When the storm passed, 7 feet of floodwater destroyed their multigenerational home in New Orleans' Gentilly neighborhood, where Mouton's mother and grandmother had been among the first African Americans to move into the area decades earlier.
Mouton recalled that the sofa went through the wall and the refrigerator was in the living room. And there was mold everywhere.
"I didn't even know that water could do that much damage," she said.
Her day care business was also gone.
The big family spent several months in hotels before moving into rental homes, just in time for Thanksgiving dinner in their own space since the hurricane. A local church in Charlotte had "adopted" the family, covering rent, utilities, and furnishings for six months.
"That was a tremendous time because that helped us to get back on our feet," Mouton said, who still received bills from their destroyed New Orleans home.
"The strongest lifeline in crisis is a united community," she said.
Before Thanksgiving in 2021, Rhonda Mouton, top left, and her family gathered for their first family portrait since Hurricane Katrina—a moment Mouton described as filled with "resilience, gratitude, and hope."
While some family members eventually returned to New Orleans to rebuild on their original property, Mouton remained in Charlotte for seven years.

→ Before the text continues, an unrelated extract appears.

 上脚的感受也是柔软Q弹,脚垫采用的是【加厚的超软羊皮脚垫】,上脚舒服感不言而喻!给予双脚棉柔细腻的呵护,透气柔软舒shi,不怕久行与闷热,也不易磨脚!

It was there that she discovered her calling, working with a federal grant program to help other Katrina survivors rebuild their lives.
In 2012, she moved to New York for her current position, arriving just as Hurricane Sandy struck. Her Katrina experience proved invaluable in helping LaGuardia Community College respond to the new disaster.

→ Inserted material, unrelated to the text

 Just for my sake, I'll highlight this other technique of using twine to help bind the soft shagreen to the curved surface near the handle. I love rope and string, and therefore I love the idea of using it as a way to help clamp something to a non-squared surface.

"The skill set that it took to navigate through Hurricane Katrina is the same skill set I used in employment in Charlotte and then now here in New York," she said.
Mouton completed her master's degree online in Charlotte and earned a doctoral degree in New York. Her definition of home has evolved over two decades – when she visits New Orleans now, she sometimes needs GPS to navigate once-familiar streets.